As of December 31, 2024, $140.6 million was outstanding on the Term Facility while $11.0 million was outstanding under the Revolving Facility, resulting in $164.0 million of credit 
availability. As of December 31, 2024, we were in compliance with all of the covenants contained in the Credit Agreement. The interest rate for the 2024 Year on our Senior Credit 
Facilities, net of savings from the interest rate swap described below, was 4.7%, with an all-in interest rate, including all associated costs, of 5.5%. Interest is payable at the end of the 
selected interest period but no less frequently than quarterly and on the date of maturity. 
 
Interest Rate Swap 
 
In May 2022, we entered into an interest rate swap agreement, effective on June 30, 2022, with Bank of America, N.A, which became effective on June 30, 2022. It has a $150 million 
notional value adjusted concurrently with scheduled principal payments made on the term loan and has a maturity date of June 30, 2027. Beginning in July 2022, we receive 1-month 
SOFR, and pay a fixed rate of interest of 2.815% on 1-month SOFR on a quarterly basis.

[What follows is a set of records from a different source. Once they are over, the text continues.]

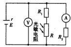 1、选择题 在如图所示的电路中,E为内阻不可忽略的电源,R1、R2为定值电阻,R为光敏电阻,无光照射时,外电路的总电阻比电源的内阻小;当有光照射在光敏电阻上,且照射光的强度逐渐增大时,下列说法正确的是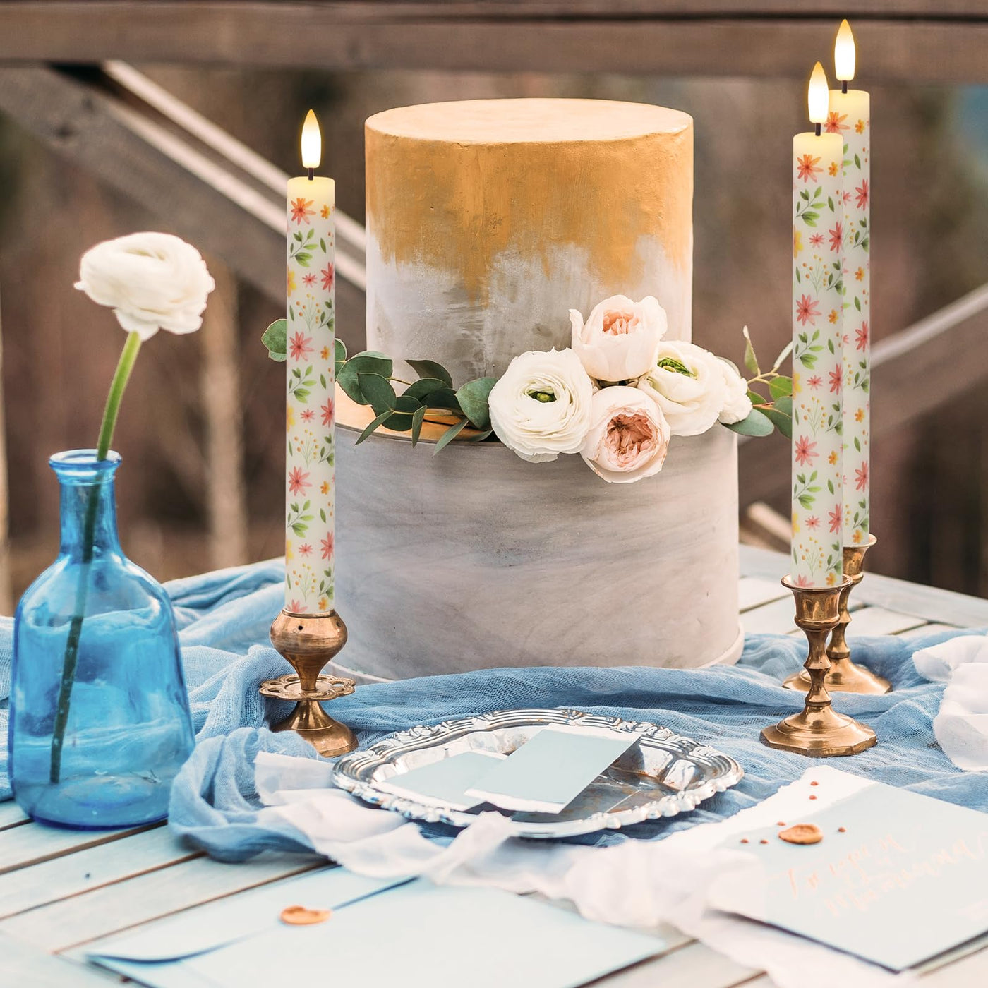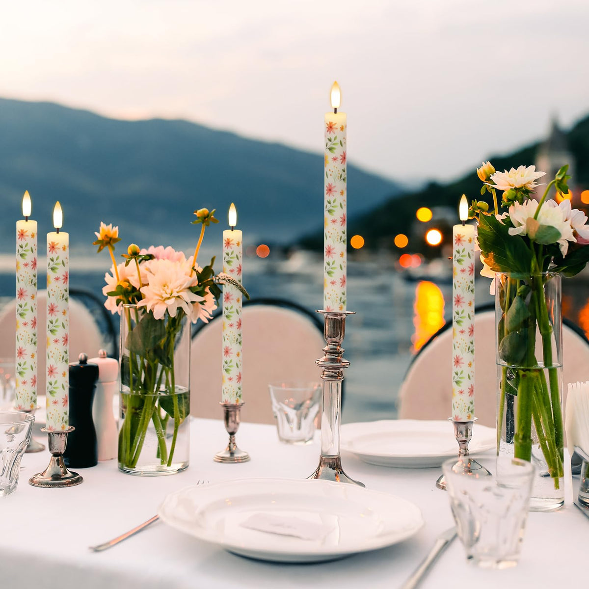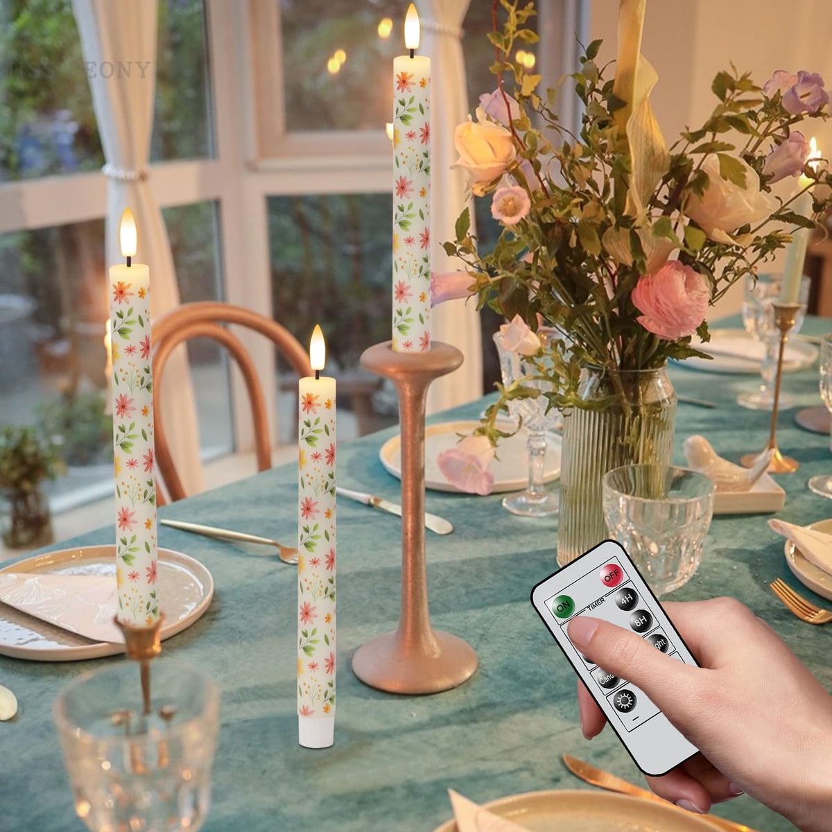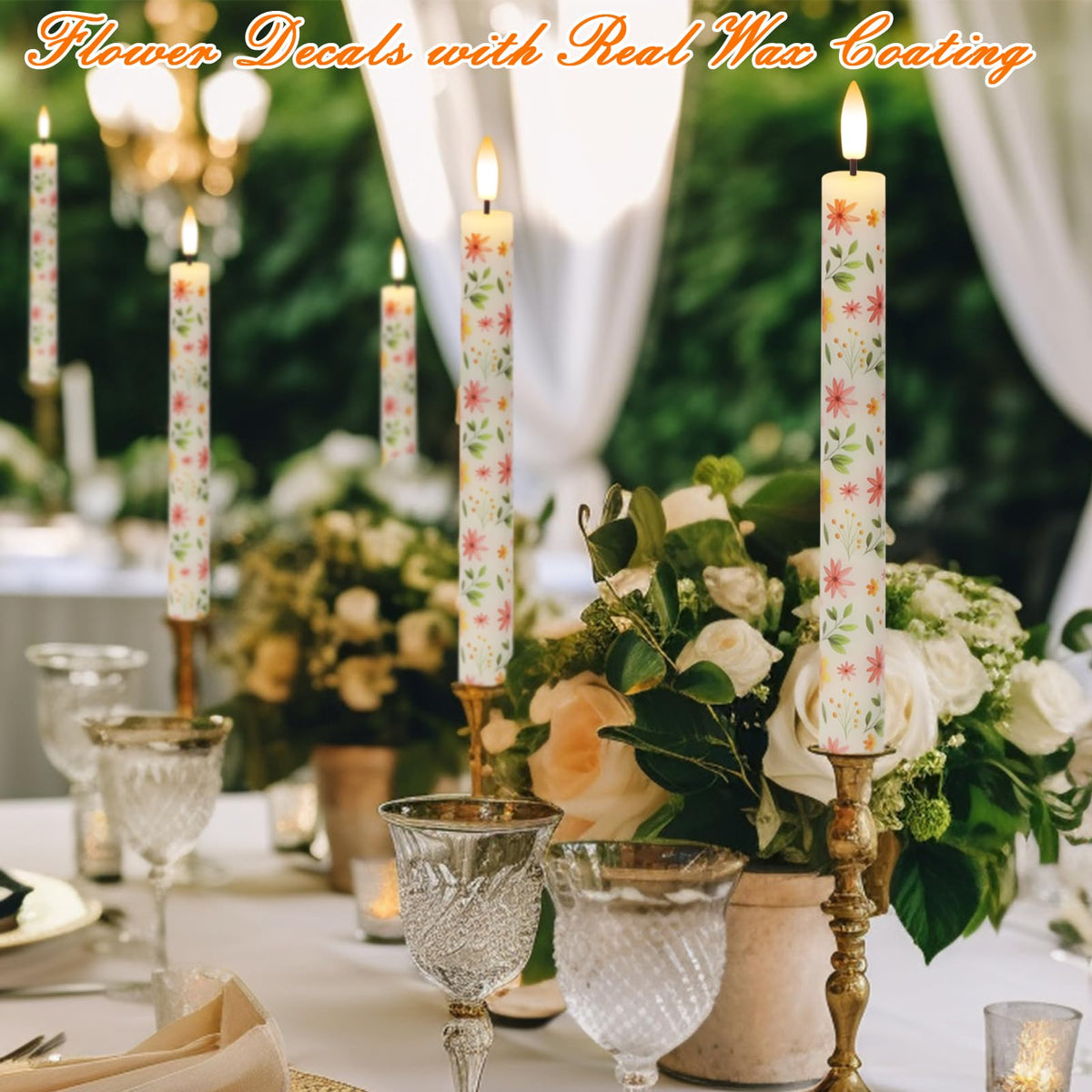 Kunswenn Flameless Taper Candles With Remote Timer, 4 Pcs Spring Flowers Led Taper Candles Battery Operated With Decals,Timer Flameless Candlesticks With Flowers Decals For Valentine'S Day Wedding Home Decor(0.75 X 9.65 )
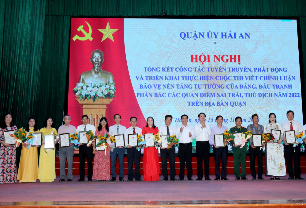 Thực hiện Kế hoạch số 111-KH/QU ngày 04/10/2022 của Ban Thường vụ Quận ủy, chiều thứ ba – ngày 15/11/2022, Quận ủy Hải An tổ chức Hội nghị tổng kết công tác tuyên truyền, phát động, hưởng ứng và triển khai cuộc thi viết chính luận về bảo vệ nền tảng tư tưởng của Đảng, đấu tranh phản bác các quan điểm sai trái, thù địch năm 2022 trên địa bàn quận.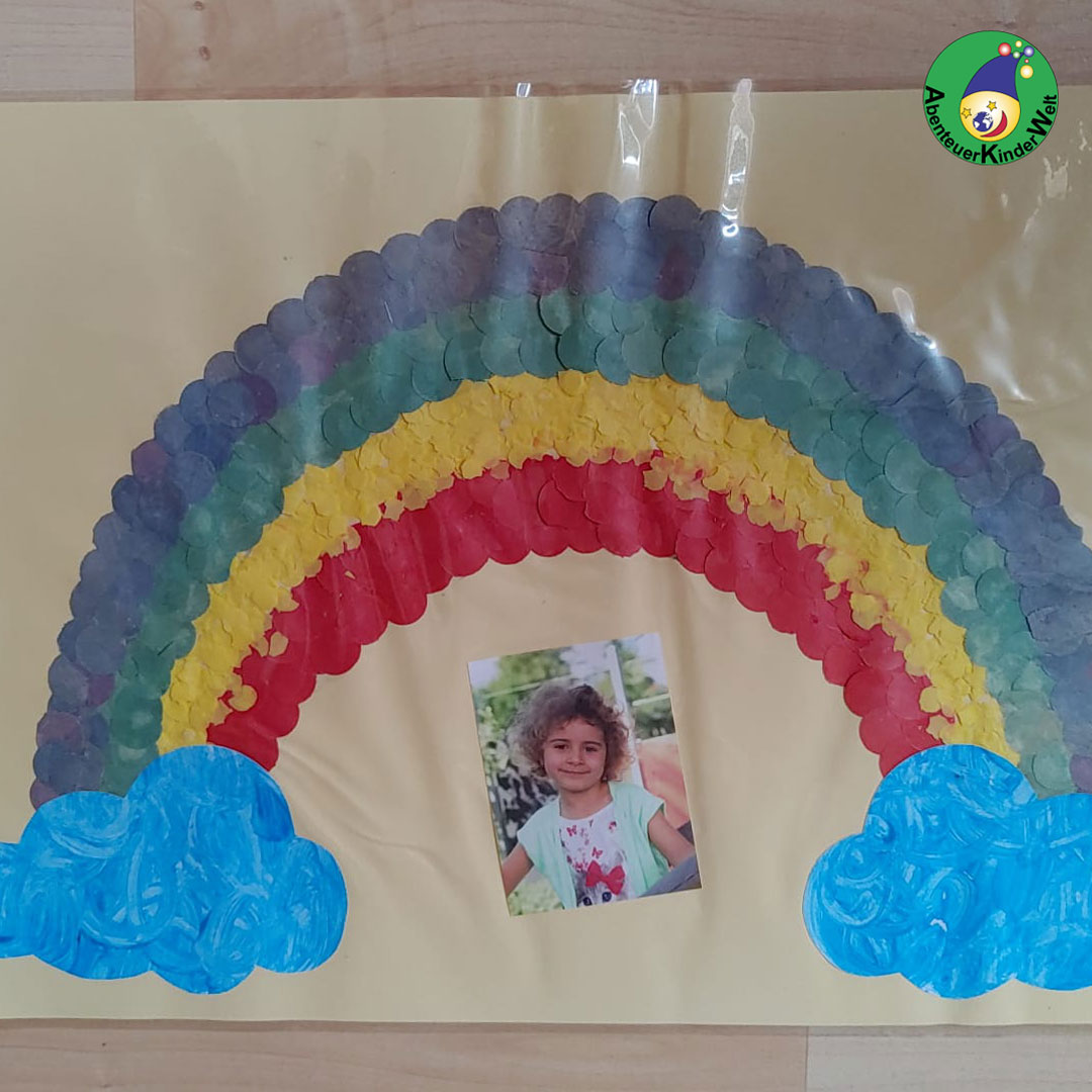 Die Kinder bekleben zur Malgeschichte die Regenbogenvorlage mit Klebepunkte. Dann kann noch ein Foto des Kindes in die Mitte geklebt und zum Schluß alles laminiert werden. So entsteht ein schönes Platzset für den Frühstückstisch.

The total interest rate in any period also includes an applicable margin based on our 
consolidated leverage ratio. In connection with the swap, no cash was exchanged between us and the counterparty. 
 
We designated our interest rate swap as a cash flow hedge and structured it to be highly effective. Consequently, unrealized gains and losses related to the fair value of the interest rate 
swap are recorded to accumulate other comprehensive income (loss), net of tax. 
 
42 
Table of Contents 

As of December 31, 2024, the fair value of the interest rate swap was $3.8 million, an increase of $0.1 million, net of any income tax effect, as compared to December 31, 2023. The fair 
value of the interest rate swap is included in other assets (current and long term) in our consolidated balance sheet while the increase in fair value is presented as unrealized loss in our 
consolidated statements of comprehensive income. The interest rate swap arrangement generated $3.4 million in interest savings for the 2024 Year. The average interest rate for the term 
facility, net of the savings from the swap in the 2024 Year was 4.7%. 
 
Notes Payable and Deferred Payments Related to Acquisitions 
 
We generally enter into various notes payable as a means of financing our acquisitions. Our present outstanding notes payable primarily relate to the acquisitions of a business or 
acquisitions of majority interests in such businesses. At December 31, 2024, our remaining outstanding balance on these notes aggregated $3.0 million, of which $2.0 million are payable 
in 2025, $0.9 million are payable in 2026, and $0.1 million are payable in 2027.  Notes are generally payable in equal annual installments of principal over two years plus any accrued and 
unpaid interest. Interest accrues at various interest rates ranging from 4.0% to 8.5% per annum. 
 
On November 30, 2024, we acquired a 75% equity interest in an eight-clinic physical therapy practice. The owner of the practice retained 25% of the equity interests. The purchase price 
for the 75% equity interest was approximately $15.9 million, of which $15.7 million was paid in cash, and $0.2 million was in the form of a note payable. The note accrues interest at 5.0% 
per annum and the principal and interest is payable in one installment which is due on December 1, 2026. 
 
 On October 31, 2024, we acquired a 50% interest in MSO Metro, LLC (“Metro”) pursuant to a Equity Interest Purchase Agreement (the “Purchase Agreement”) dated October 7, 2024 
among U.S. Physical Therapy, Ltd. (a subsidiary of the Company), Metro, the members of Metro, and Michael G. Mayrsohn, as Sellers’ Representative.  We also became the managing 
member of Metro. We paid a purchase price of approximately $76.5 million, $75.0 million of which was funded by our cash on hand and the remaining $1.5 million through the issuance of 
18,358 shares of the Company’s common stock based on a trailing five-day average as of the day immediately prior to closing. The shares of the Company’s common stock were issued 
in reliance upon exemptions from registration pursuant to Section 4(2) under the Securities Act. The Purchase Agreement also included an earnout where the sellers can earn up to 
another $20.0 million of additional consideration if certain performance criteria relating to the Metro business are achieved. The value of the contingent consideration at December 31, 
2024 was $11.3 million. 
 
On August 31, 2024, we acquired a 70% equity interest in an eight-clinic practice physical therapy and the original practice owners retained a 30% equity interest. The purchase price for 
the 70% equity interest was approximately $2.0 million. As part of the transaction, we agreed to additional contingent consideration if future operational and financial objectives are met. 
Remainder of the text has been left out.